Обращение к жанру идиллии стало для Дельвига одним из путей к осознанию и принятию культурно-эстетических достижений и этических норм античности. Представление о далекой исторической эпохе, о мире души и особенностях отношений идиллических героев Дельвиг сформировал на раннем этапе творчества в результате знакомства с переводами идиллий, а также оригинальными произведениями и общественными взглядами немецких поэтов эпохи раннего романтизма, в частности Л. Г. К. Гельти, Ф. Г. Клопштока, Ф. Шиллера. В изучении немецкой литературы Дельвигу помогал В. К. Кюхельбекер, на что, в частности, указывал А. С. Пушкин: «Клопштока, Шиллера и Гельти прочел он с одним из своих товарищей, живым лексиконом и вдохновенным комментарием» [14, с. 293]. Поэты, творчество которых привлекало Дельвига и Кюхельбекера, критикуя классические нормы, прокладывали дорогу новому романтическому движению, в котором особое значение приобретало национальное своеобразие искусства. По наблюдению В. Э. Ва-цуро, «Шиллер, как и Гете, воплотил в своем творчестве дух этой переходной эпохи» [15, с. 6]. Обращение к античности позволяло поэтам отчасти нивелировать влияние французской традиции, ставшей своего рода символом всего вненационального, классического в литературе и искусстве. Возвышенное романтическое восприятие названных немецких авторов, отразившееся на содержании их произведений, в том числе и идиллий, гармонично сочеталось с идеализацией далекого прошлого самим Дельвигом, который «безошибочно угадывал <...> дух и способ мышления, порядок мыслей и систему мирочувствования человека, выходца из «золотого века», открывая в том времени недоступные для современного мира мудрость и великие простоты» [16, с. 2].
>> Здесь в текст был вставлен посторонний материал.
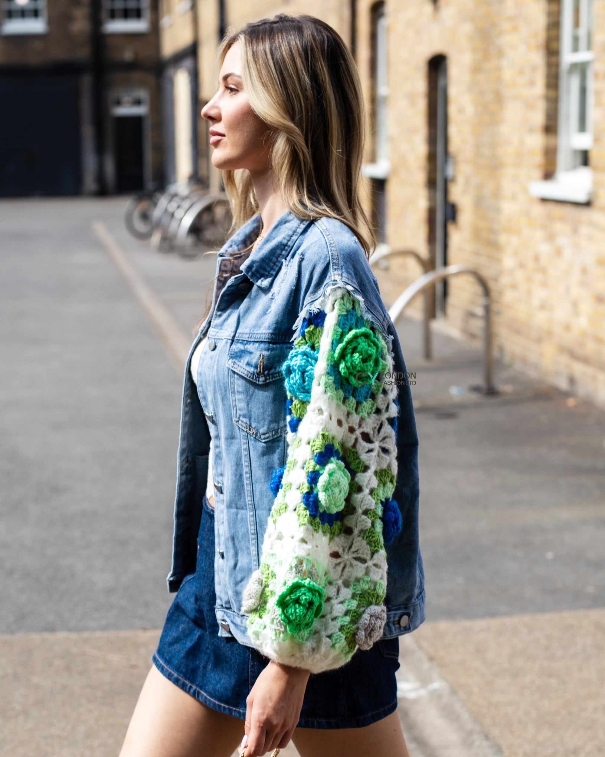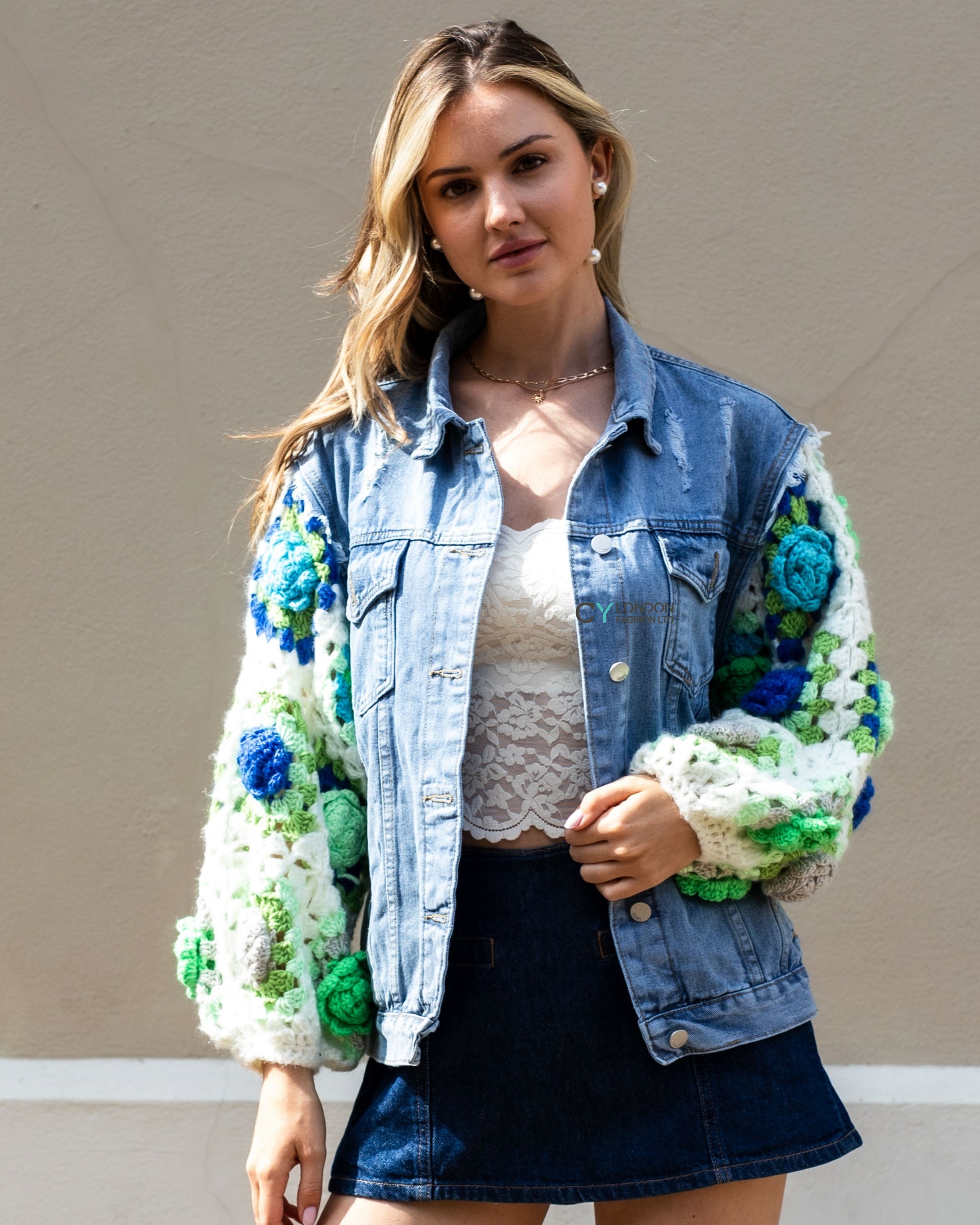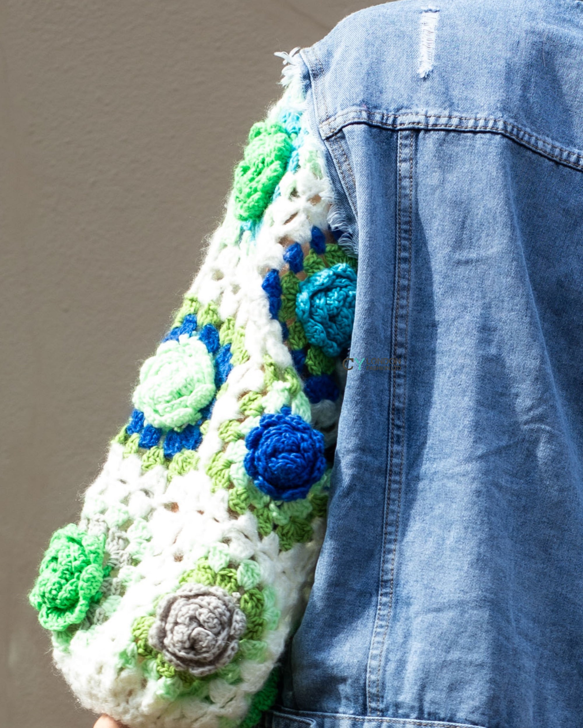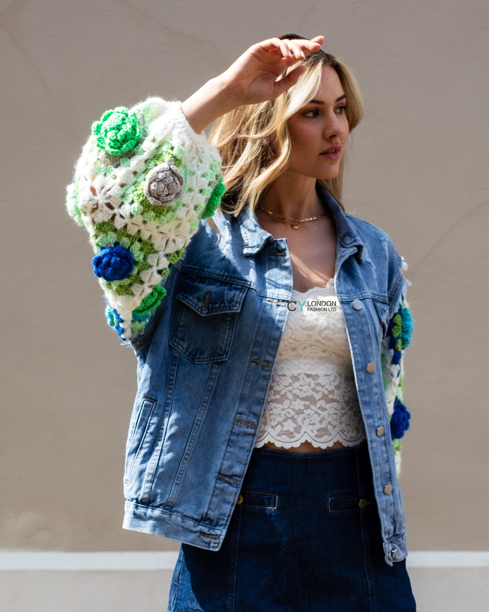 Handknit Floral Patten Sleeves Denim Jacket in Green

Раскрывая мифологическую перспективу, к которой должны стремиться в своих помыслах человек и общество, Дельвиг показывал, что основу идеального мира традиционно составляла гармония, всесторонне развивавшая человека, формировавшая полнокровное, дружелюбное, лишенное зла и насилия окружение. В дельвиговском творчестве отразились взгляды Ф. Шиллера, утверждавшего, что цель идиллии «всегда и везде одна - изобразить человека в состоянии невинности, то есть состоянии гармонии и мира с самим собой и с внешней средою» [17, с. 440]. Ф. Шиллер называл идиллию «прекрасной возвышающей фикцией» и при этом подчеркивал ее значимость, состоявшую в предоставлении отклонившемуся от естественных, природных норм человеку возможности «вновь созерцать законы природы в чистом образце и, глядя в это зеркало, вновь очиститься от пороков искусственности» [17, с. 441]. Несколько иной была изначальная посылка античных идиллий, авторы которых искали в гармонии природы и близких ей наивных, нравственно чистых людей спасение от жестокости окружающего мира. В отличие от античных поэтов, Дельвиг не верил в реальность такого спасения, показывая, как гармония постепенно уходила из мира, оставляя людей наедине с многочисленными пороками. «Прошли, пролетели те времена!» [10, с. 192], - восклицал поэт в идиллии «Друзья», ненавязчиво напоминая о былом, уже несбыточном человеческом радушии. К утрате гармонии как главнейшей конструктивной составляющей жизни вело трагическое миро-

ощущение, с особой силой выраженное Дельвигом в идиллии «Конец золотого века», испытавшей несомненное влияние зарубежных барочных и романтических идиллий, в частности творчества В. Вордсворта, Ф. Гельдерлина [18, с. 70], а также «Аркадского памятника» Н. М. Карамзина («Мороз может в одну ночь побить самые прекраснейшие цветы, а заразительный порок может в малое время переменить народные нравы» [19, с. 323]).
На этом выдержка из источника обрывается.